Войдя в дом, Джакко умывался в сильно побитом медном тазу и садился, проведя по лицу пятерней с короткими мозолистыми пальцами.

Тем временем Маза, наконец, заливала нарезанный хлеб кипятком. А Гизола подавала на стол соль и перец в бумажных кулечках – при этом ей выговаривали, что пробираясь через комнату, она вечно обтирает спиной стену.

Джакко, вспомнив, как теленок, которому он накладывал в кормушку сено, положил морду ему на спину, так что пришлось отстранить его со словами: «С тебя шерсть лезет, не видишь что ли?» – велел жене:

– Пока не села, поставь на огонь пойло для скотины. А то вечно забыть норовишь.

Закончив труды, он с огромной нежностью вспоминал эту звериную ласку. Дыхание теленка было горячим и влажным, как его пот. Уйдя в воспоминания, он ел молча.

Иногда к ним стучалась Анна. Тогда поднимались все трое разом:

– Это хозяйка. Иди, открывай. Чего тянешь?

Пьетро не видел Поджо-а-Мели целую зиму. Слышал лишь разговоры отца с посетителями: новые лозы, питомник для фруктовых деревьев, семена лучшей всхожести. И первое вино – правда, бледное-бледное: оно отдавало серой и обжигало желудок.

Порой в трактир заходила и Гизола. При тете Ребекке она все молчала, и он только смотрел на нее издали. Но это было не слишком приятно. Выглядело так, будто они в жизни не сказали друг другу ни слова.

Несколько раз переболев простудой, ближе к июню он вместе с матерью вернулся в деревню. Дом немалую часть года стоял запертым, и по возвращении их всякий раз встречал запах мышей и известки. Чтобы открыть замки, приходилось поднажать. Поэтому на первый раз, чтоб не сорвать руки, звали Джакко. В обязанности Мазы входило вытереть пыль и вымести затянувшую комнаты паутину.

Гизола тоже помогала, но ей запрещалось трогать то, что может разбиться.

Пьетро в первый день был так взвинчен, что в голове у него мутилось. Еще припухшие за ушами железы болели.

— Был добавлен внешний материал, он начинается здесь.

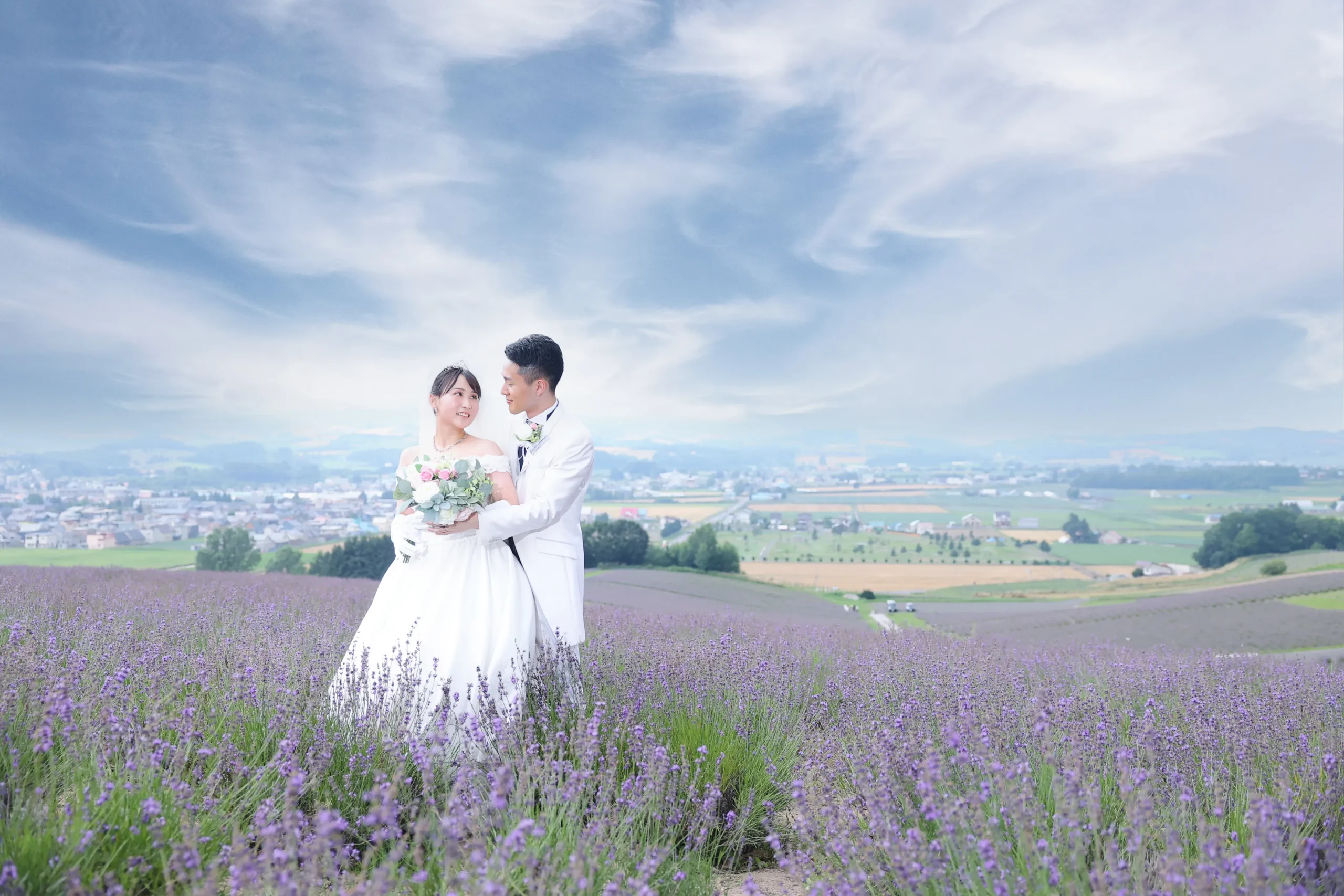 北海道のイメージにぴったり!ラベンダーの花畑の真ん中で、真っ白な衣裳に身を包んだおニ人の美しいショットが残せる。北海道らしい景色に、絵画のような山並みも華を添えます。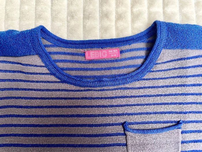 Vends ce joli pull pour fille gris et bleu pailleté, en excellent état. Marque : Le Big Taille : 4 ans Achetez en lot dans mon dressing pour activer la réduction automatique et rentabiliser vos frais de port 😉

Все, что ни попадалось под руку, он выдирал с корнем одним рывком, обрывал усики у лозы. Или бил колом о дерево, сдирая кору. Отрывал сверчкам ножки и крылья и насаживал их на булавку. И замирал, прислушиваясь, когда над ним проходило облако. А стоило ему пройти – ждал следующего, словно хотел, чтобы его заметили.

В конце концов, пошел дождь – тихо, без грома, и перестук капель под водостоками не умолкал. Потом облака разошлись, и над холмами, по ту сторону дождя, зависли солнечные лучи. Дождь занавесил их тончайшими нитями – любой порыв ветра легко их порвет. Раскинулась радуга, будто только и ждала наготове.

После ужина Анна позвала в дом Мазу и других жен батраков. Те зашли, спотыкаясь все вместе на каждом шагу.

– Присаживайтесь.

Они отвечали, как всегда:

– Не хотим вас стеснять, хозяйка.

– Садитесь, говорю вам.

Анна следила, чтобы ей оказывали должное уважение, но притом искренне любила этих женщин.

Гизола, серьезная и внимательная, стояла позади всех – и Пьетро, которому надо было учиться, взглянул на пробор в ее волосах, уложенных на манер дратвы, небрежно намотанной на шпулю, и больше не обращал на нее внимания, пока мама не велела ей принести из другой комнаты клубок. Она тут же повиновалась, как большая марионетка. Потом села в уголке, поставив ноги на перекладину стула и не сводя глаз с хозяйкиного рукоделья.

Заметив это, Анна слегка откинулась на канапе, приподняла руки и сказала:

– Вот. Держим крючок вот так, потом подцепляем нитку… заводим вот сюда… и вытягиваем. Все очень просто.

Орсола с красным от прожилок носом, воскликнула, ничего не поняв:

– Какая ж вы умелица!

Маза повернулась к внучке:

– Небось, хотела бы научиться?

Тогда Орсола, почесав голову спицей, заметила:

– Гизола молодая, у нее пальчики послушные. У нас-то уже не гнутся.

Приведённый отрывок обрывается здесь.